*** Opening of Data for this task ***

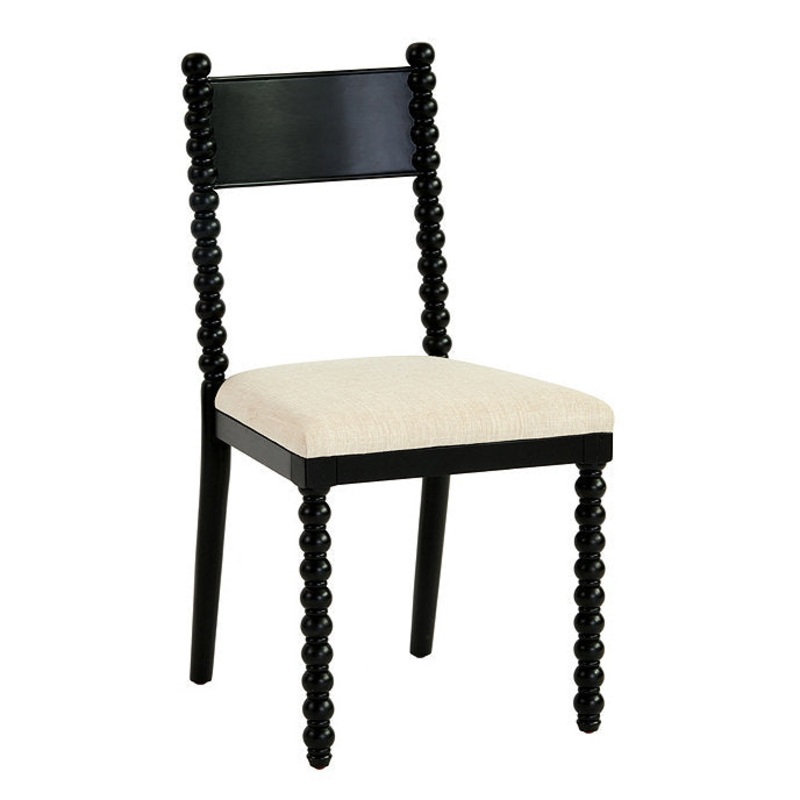 A fresh take on the classic spool silhouette. Our Livia Spool Chair features traditional turned spool texture on the front legs and back rails, while the back is smooth and contoured for extra comfort. Padded natural linen seat removes for easy re-covering
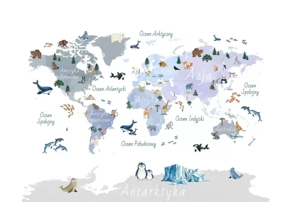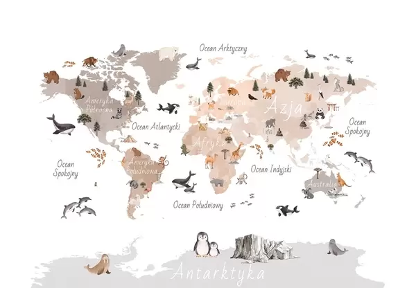 Fotomurales Un mapa a color con estilo de acuarela en el que aparecen animales, plantas y elementos arquitectónicos. Rótulos en polaco Nr. c00009pl
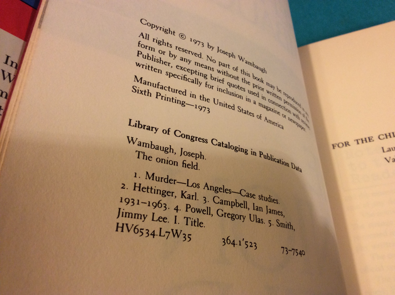 THE ONION FIELD by JOSEPH WAMBAUGH - Hardcover - FIRST EDITION SIXTH PRINTING
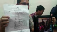 Kuasa hukum keluarga Siyono, Trisno Raharjo menunjukkan bukti surat pemanggilan …
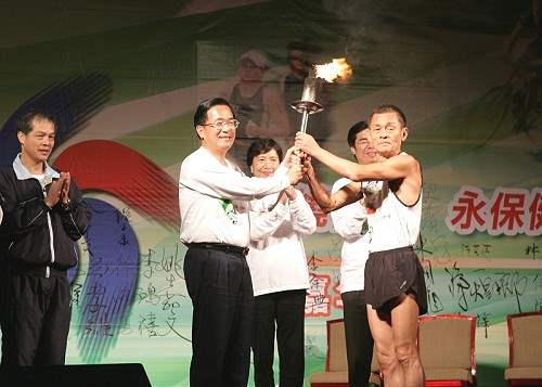 在同樣手持聖火的觀禮民眾掌聲中,及呂副總統、總統府秘書長葉菊蘭、副秘書長陳其邁與體委會主任委員楊忠和陪同下,總統應邀致詞。致詞內容為:
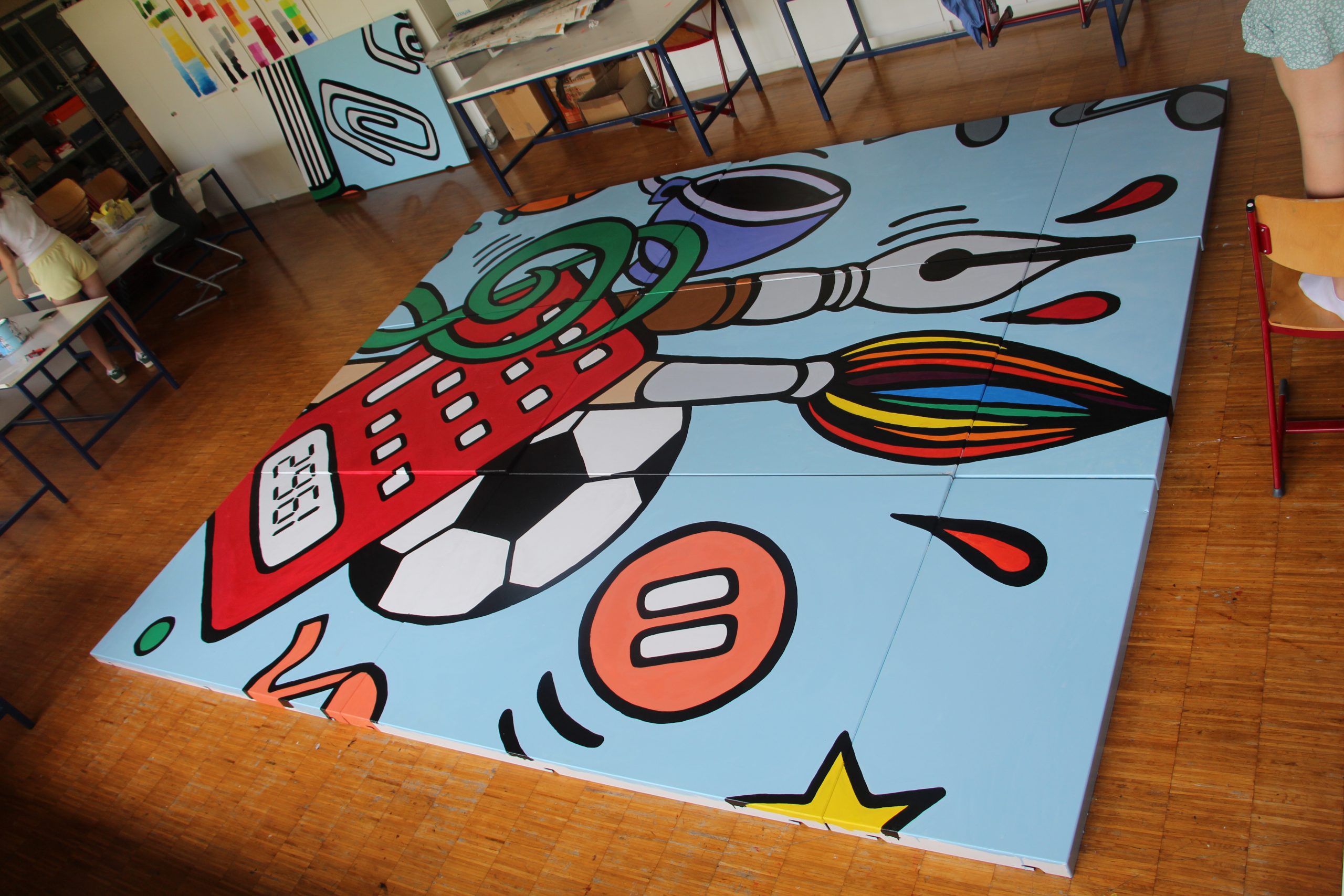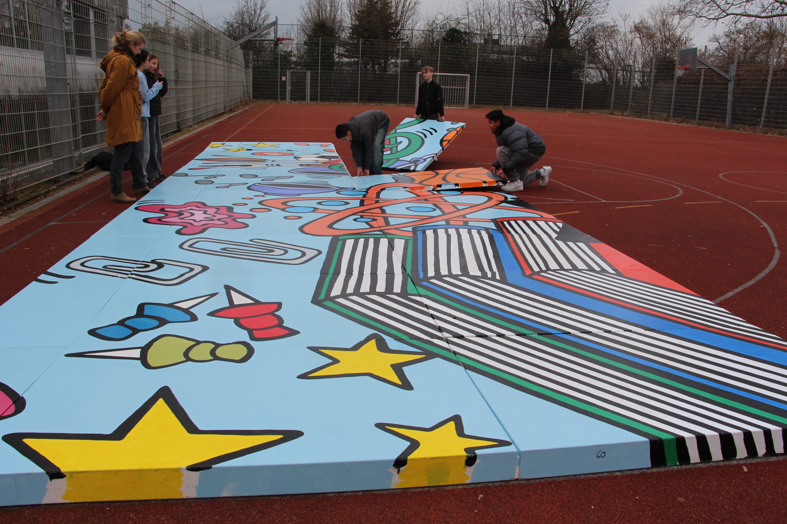 Über 150 Schülerinnen und Schüler aus den Klassenstufen 5- 12 arbeiteten in wechselnden Besetzungen jede Woche vier Stunden über zweieinhalb Schuljahre hinweg an der Übertragung des Motivs, auch an den Projekttagen wurde fleißig gemalt und immer wieder überprüft, ob das Motiv auf den Platten zusammenpasst. Bei den Projekttagen im Juli 2023 kam es zum ersten Test: die Platten wurden auf dem Schulhof aneinandergelegt und alle Umrisse passten wunderbar! Es folgte der nächste Schritt: die Auswahl der Farben und das Ausmalen der Outlines. Die Farben wurden ebenfalls von den Freunden des Schickhardt- Gymnasiums finanziert. Insgesamt hat sich der Förderverein das Projekt bis dahin 25.000 Euro kosten lassen.

*** Close of Data for this task ***

#### Task directions:
Reproduce every line above exactly as written, omitting the images.

#### Solution:
 A fresh take on the classic spool silhouette. Our Livia Spool Chair features traditional turned spool texture on the front legs and back rails, while the back is smooth and contoured for extra comfort. Padded natural linen seat removes for easy re-covering
 Fotomurales Un mapa a color con estilo de acuarela en el que aparecen animales, plantas y elementos arquitectónicos. Rótulos en polaco Nr. c00009pl
 THE ONION FIELD by JOSEPH WAMBAUGH - Hardcover - FIRST EDITION SIXTH PRINTING
 Kuasa hukum keluarga Siyono, Trisno Raharjo menunjukkan bukti surat pemanggilan …
 在同樣手持聖火的觀禮民眾掌聲中,及呂副總統、總統府秘書長葉菊蘭、副秘書長陳其邁與體委會主任委員楊忠和陪同下,總統應邀致詞。致詞內容為:
 Über 150 Schülerinnen und Schüler aus den Klassenstufen 5- 12 arbeiteten in wechselnden Besetzungen jede Woche vier Stunden über zweieinhalb Schuljahre hinweg an der Übertragung des Motivs, auch an den Projekttagen wurde fleißig gemalt und immer wieder überprüft, ob das Motiv auf den Platten zusammenpasst. Bei den Projekttagen im Juli 2023 kam es zum ersten Test: die Platten wurden auf dem Schulhof aneinandergelegt und alle Umrisse passten wunderbar! Es folgte der nächste Schritt: die Auswahl der Farben und das Ausmalen der Outlines. Die Farben wurden ebenfalls von den Freunden des Schickhardt- Gymnasiums finanziert. Insgesamt hat sich der Förderverein das Projekt bis dahin 25.000 Euro kosten lassen.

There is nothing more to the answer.